Scandium has three radioisotopes under active clinical development, and together they form what researchers call a “theranostic pair,” meaning the same element can both diagnose and treat cancer. Scandium-43 and scandium-44 are positron emitters with half-lives of about 4 hours, making them well-suited for PET scans. Because they last longer than some conventional PET tracers, they give doctors a wider imaging window for tracking how a drug distributes through the body.

Scandium-47, on the other hand, emits beta particles that can destroy cancer cells at close range while also producing low-level gamma radiation visible on SPECT imaging. The key advantage is that all three isotopes behave identically in the body. A doctor can use scandium-44 to image a tumor, confirm the targeting molecule reaches it, then switch to scandium-47 to deliver a therapeutic dose, all with the same chemical compound. This approach is still in clinical development, but it represents one of the more promising frontiers in targeted cancer therapy.

Sporting Goods

You’ll find scandium-aluminum alloys in high-end baseball bats, bicycle frames, lacrosse sticks, and ski poles. The appeal is straightforward: adding a small amount of scandium lets manufacturers build equipment that’s stronger without being heavier. A scandium-alloyed bicycle frame can use thinner-walled tubing while maintaining the same stiffness and durability as a standard aluminum frame, which translates to a lighter ride. The same principle applies to baseball bats, where less weight in the barrel allows faster swing speeds.

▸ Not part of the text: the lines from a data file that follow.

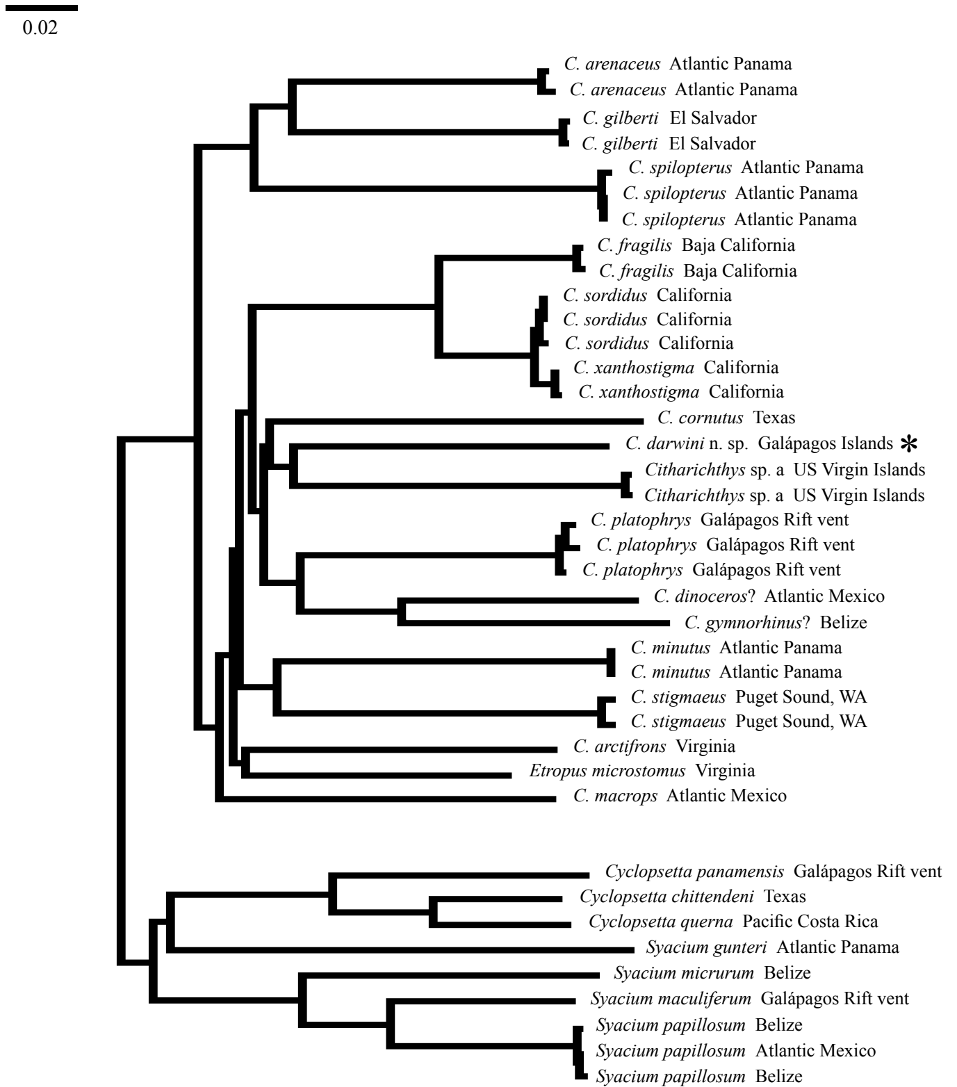
Figure 7. The neighbor-joining tree based on the COI mtDNA sequences of New World Citharichthys , Etropus , Cyclopsetta , and Syacium (the Cyclopsetta group of paralichthyid flatfishes), following the Kimura two-parameter model (K2P) generated by BOLD (Barcode of Life Database). The scale bar at left represents a 2% sequence difference. Collection locations for specimens are indicated and C. darwini is highlighted with an asterisk. GenBank accession numbers and collection data corresponding to the sequences in the tree are listed in Appendix 1.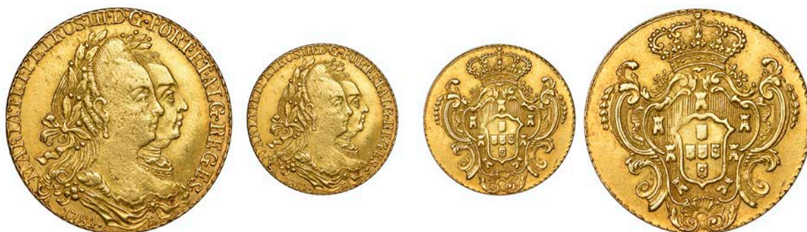
1412 Maria I and Peter III , 6,400 Réis, 1784r, 12.31g/12h (Gomes 25.08; Fr 76; KM. 199.2). Cleaned, very fine £800-£1,000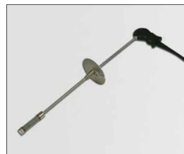
750 mm gas sampling probe for industrial motors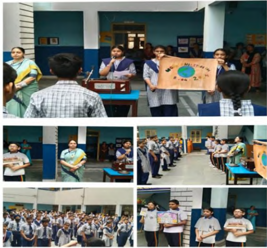
WORLD HERITAGE DAY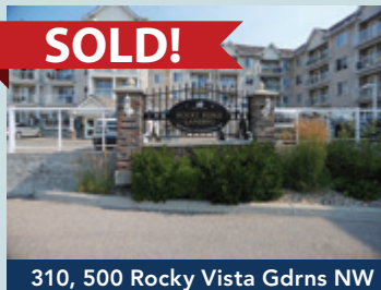
Updated 2 Bdrms / 2 Bath, 3rd Flr $339,900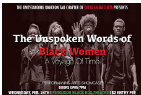
Delta Sigma Theta: The Unspoken Words of Black Women 127K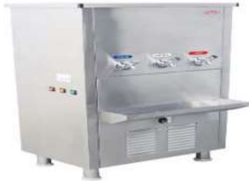
MODEL : HSA / HSB HOT + COLD + NORMAL WITH R.O. SPACE

The amounts involved are small. A fraction of a percent of scandium in the alloy is enough to meaningfully change the metal’s properties. Still, even that small addition raises the cost, which is why scandium-alloyed sporting goods sit at the premium end of the market.

Semiconductors and Electronics

Scandium nitride is a semiconductor that can overcome some limitations of the gallium-based compounds used in LEDs, power electronics, and high-speed devices. Its crystal structure differs from conventional semiconductors, which opens up possibilities for novel device designs, particularly in thermoelectric applications where waste heat is converted to electricity. Scandium is also used in aluminum-scandium nitride thin films for filters in 5G telecommunications equipment, where its piezoelectric properties help manage radio frequencies.

Where Scandium Comes From

Scandium is rarely mined on its own. Most of the world’s supply comes as a byproduct of processing other metals. Titanium dioxide production is a major source: every ton of titanium dioxide generated by the sulfuric acid process produces 6 to 8 tons of waste acid that contains recoverable scandium. In 2023, China alone produced over 4 million tons of titanium dioxide this way, generating upwards of 20 million tons of scandium-bearing waste acid. Other secondary sources include red mud (a byproduct of aluminum refining), tungsten slag, and coal fly ash.

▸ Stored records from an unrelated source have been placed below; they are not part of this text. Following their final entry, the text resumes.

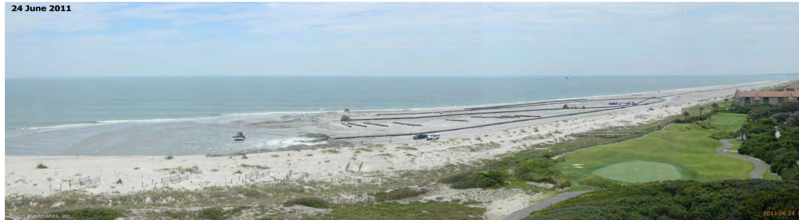
Beach Nourishment of the South Amelia Island Shore Stabilization Project during construction in June 2011

The Beach and Shore Preservation Act and the Ecosystem Management and Restoration Trust Fund [Sections 161.091, and 201.15, Florida Statutes] charge the Department with developing and implementing a comprehensive, long-range statewide beach management plan. In fulfilling that responsibility, the Department has developed, in coordination with local sponsors and the United States Army Corps of Engineers (USACE), a Strategic Beach Management Plan (Strategic Plan), a Long Range Budget Plan (Budget Plan), and a prioritized list of specific beach erosion control projects for FY 2012/2013 (Local Government Funding Request).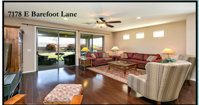
7178 E Barefoot Lane

Beautiful StoneRidge Bungalow "Lupine" Plan with Mountain Views! From the Moment you arrive at the Foyer Entrance with Washington Cherry Wood Floors, High Ceilings & Open Great Room you will Love It! Spacious Kitchen w/Stacked Raised Panel Maple Cabinetry, Corian Counters, Large Dining Island, Upgraded Recessed Lighting w/Dimmers & Black Appliances + Refrigerator. Open Great Room with Slider to Rear Patio. Large Windows & Designer 2 Tone Paint. 7178 E Barefoot Lane. PV $ 325,000.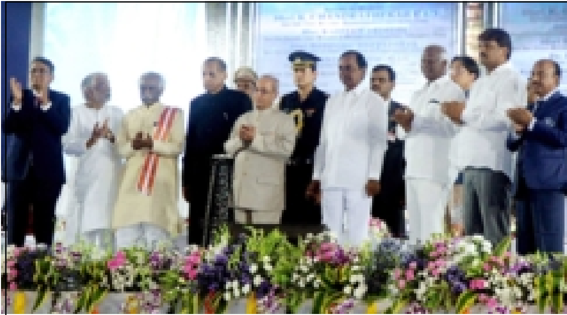
Hyderabad, April 26, 2017 : Bodhbarnü Hyderabad nung Osmania University kum 100 ajungba benjungmung sentong nung linuk Tir, Pranab Mukherjee, Telangana aser Andhra Pradesh Angh, E S L Narasimhan, Telangana Chief Minister, K Chandrashekhara Rao, Minister of State for Labour and Employment (I/C), Bandaru Dattatreya aser tanga ketdangsertem adenba noksa nung angur. Osmania University ya public state University ka lir aser iba ya 1918 kum teneta liasü. Iba University ya University Grants Commission, National Assessment & Accreditation Council aser Association of Indian Universities den affiliate süa lir.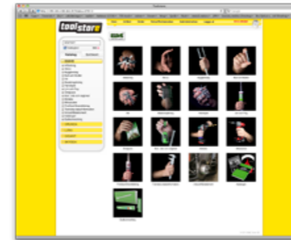
Comprehensive chapter images help you in to each brand's site, here exemplified through ESSVE.

Order – Place your orders in a special order block and send them in. When you place an order in Toolstore we can update your business system via an EDI file. We can also update your customer's business system.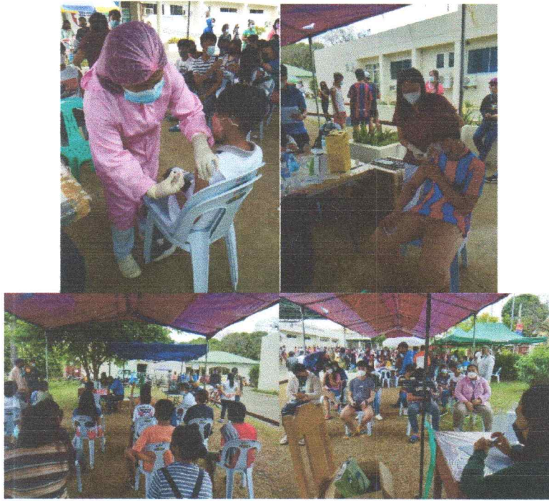
➤ On December 15, 2021, National Vaccination Days Phase 2 (1 st day)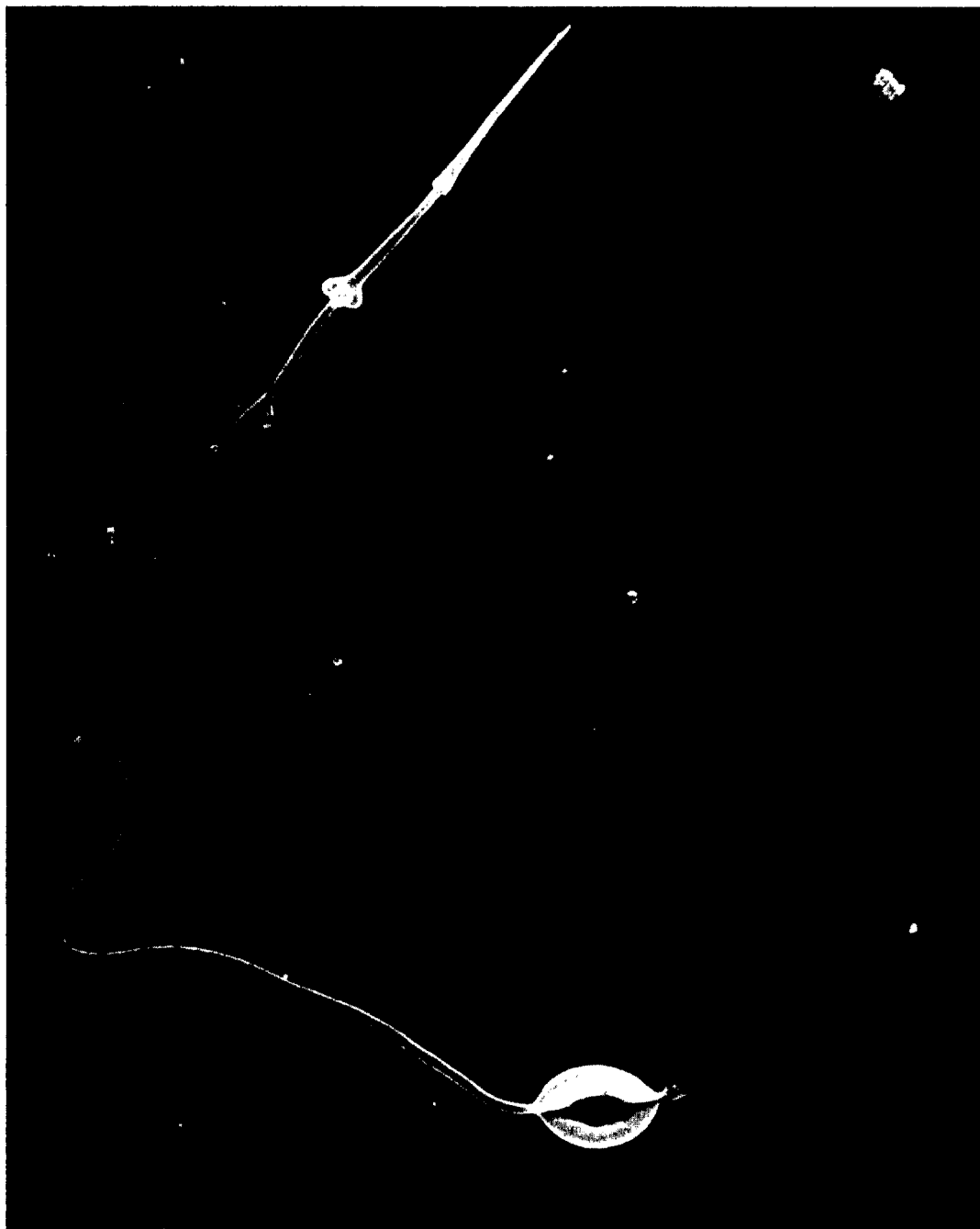
Fig. 2. SEM photograph of an excised stylet and attached cuticular lumen lining of the esophagus of a Meloidogyne hapla second-stage juvenile.

and flexible. The branched orifices of the subventral glands are located immediately posterior to the enlarged lumen of the median bulb. The lining of the posterior part of the metacarpus and isthmus is very thin.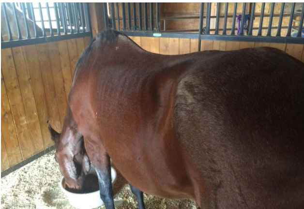
Fancy after a month here, already gaining weight.

One of the beautiful things about Spring Creek Horse Rescue is how dedicated the Rescue is to the horses that come through here. We have seen Fancy on several other occasions, but when we heard

This dependence on byproduct recovery keeps scandium supply unpredictable and prices volatile. A handful of dedicated scandium mines have opened or are under development in Australia and the Philippines, but the market remains small enough that a single new source can shift global pricing significantly. As demand grows from fuel cell manufacturers and 3D printing companies, the economics of primary scandium mining are becoming more attractive.